Yet. Yet. Yet… could there be something in it? Whilst we can all safely answer that one, the Telstar did have a wonderful debut. With less than a quarter hour on the clock Mbappe tore half the length of the field, overtaking Marcus Rojo as he broke into the box. The Argentinian left with no choice but to upend him with all the subtlety and finesse of Harlee Dean (in a video interview).

Griezmann made no mistake from the spot. 1-0 and it was clear this could be special. The game rather than the ball. The French pressed on. An almost identical chance fashioned. The crossbar had already been hit from a free kick even before the scoring had started. Argentina anonymous and on the ropes. Surely a knockout punch to come any second.
And it did. But from the boot of Angel di Maria. A quite remarkable effort from well outside the area. A laser guided heat seeker of a goal. What a strike. What timing. 1-1 at half time.

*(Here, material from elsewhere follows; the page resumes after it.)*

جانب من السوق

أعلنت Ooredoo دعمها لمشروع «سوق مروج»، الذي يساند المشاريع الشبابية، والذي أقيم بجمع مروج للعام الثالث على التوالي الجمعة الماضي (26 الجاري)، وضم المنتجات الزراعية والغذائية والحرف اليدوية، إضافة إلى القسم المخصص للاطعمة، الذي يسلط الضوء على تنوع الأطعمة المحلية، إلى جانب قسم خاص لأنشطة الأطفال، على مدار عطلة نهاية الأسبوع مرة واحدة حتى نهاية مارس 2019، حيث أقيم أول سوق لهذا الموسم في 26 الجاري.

But things got better. If one player had summed up Argentina’s anonymity it was the talismanic Lionel Messi. Yet there he was to set up his side for a 2-1 lead. Could they do it? Would France roll over and surrender? No chance. What followed next was quite brutal.

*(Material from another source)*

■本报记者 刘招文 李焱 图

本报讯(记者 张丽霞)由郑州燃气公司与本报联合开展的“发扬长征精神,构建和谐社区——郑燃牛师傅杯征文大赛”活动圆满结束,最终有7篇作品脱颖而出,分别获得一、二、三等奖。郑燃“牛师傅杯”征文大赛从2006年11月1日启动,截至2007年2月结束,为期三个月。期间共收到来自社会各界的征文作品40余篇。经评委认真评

Three goals in the space of just 11 minutes. An incredible strike from Benjamin Pavard that bore more than a passing resemblance to that of Nacho for Spain against Portugal in the group stages. I can’t watch this enough. A stupendous goal. It was an effort that immediately eclipsed Di Maria’s whilst inspiring France and Mbappe to further greatness.

Oh boy. What a goal.

2-2 became 3-2 became 4-2 France in a matter of minutes. Both coming from the inspirational Mbappe – a player who has the additional effect of leaving that Hanson tune stuck in my head as a very unwelcome ear worm, even now. Yet despite the praise being quite rightly lavished on Mbappe, it was Pavard who truly knocked the stuffing out of Argentina.

Aguero pulled one back with two minutes of injury time left but the clock was eaten up by needless bickering, petulant challenges and general timewasting. France, worthy winners. Argentina, forced to reminisce about former glories

For me (Clive) it was the game of the tournament to date. A fantastic display by France yet one which was, somehow, never quite as comfortable as their performance suggested. The Uruguay-Portugal match later in the evening could never quite match what had come before but it certainly tried.

Edinson Cavani teaming up quite magnificently with Luis Suarez to score both of his sides goals in a 2-1 win. What a partnership Uruguay have, with the two of them working the pitch quite beautifully. Something evidenced by the graphic used in the BBC match report to illustrate his brutal opener.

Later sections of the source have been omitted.